Sharma, Himanshu (The University of Texas at Austin) | Lu, Jun (The University of Texas at Austin) | Weerasooriya, Upali P. (The University of Texas at Austin) | Pope, Gary A. (The University of Texas at Austin) | Mohanty, Kishore K. (The University of Texas at Austin)
Recent studies on the use of ammonia as an alkali for performing alkali-surfactant-polymer (ASP) floods have shed light on its advantages over conventional alkalis such as lower alkali requirements, ease of transportation and storage. This study is aimed towards understanding surfactant adsorption in sandstone and carbonate rocks in the presence of ammonia. Zeta potential measurements were performed to characterize Bandera brown sandstone and Silurian dolomite surfaces in the presence of ammonia and sodium carbonate.
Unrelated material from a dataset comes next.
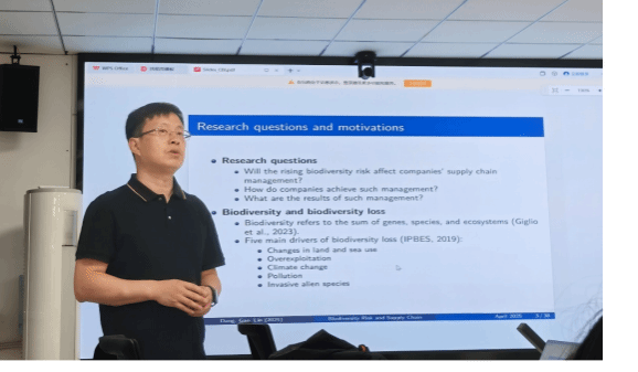 师生带来了一场题为《生物多样性与企业供应链》的学术报告。高教授通过对生物多样性政策及其影响的解析,深入研究了企业如何通过调整供应链组成来应对生物多样性的转型风险,同时探讨了供应链调整的利弊。报告内容丰富,视角独特,引发了在场师生的热烈讨论。

A series of experiments were performed with and without ammonia such as static surfactant adsorption experiments on crushed Bandera brown sandstone and Silurian dolomite rocks, single phase surfactant transport experiments in sandstone and carbonate cores, surfactant phase behavior to identify an ultra-low interfacial tension (IFT) surfactant formulation, and oil recovery coreflood experiments using these surfactant formulations. Zeta potential measurements showed a reduction in zeta potential of Bandera brown and Silurian dolomite by adding ammonia to increase the pH. Surfactant adsorption experiments showed that ammonia was able to reduce the adsorption on sandstones, but not much difference was observed for carbonates. The ultra-low IFT surfactant formulations developed with and without ammonia showed very similar phase behavior. High oil recoveries and very low surfactant retentions were observed in the oil recovery experiments performed in sandstones.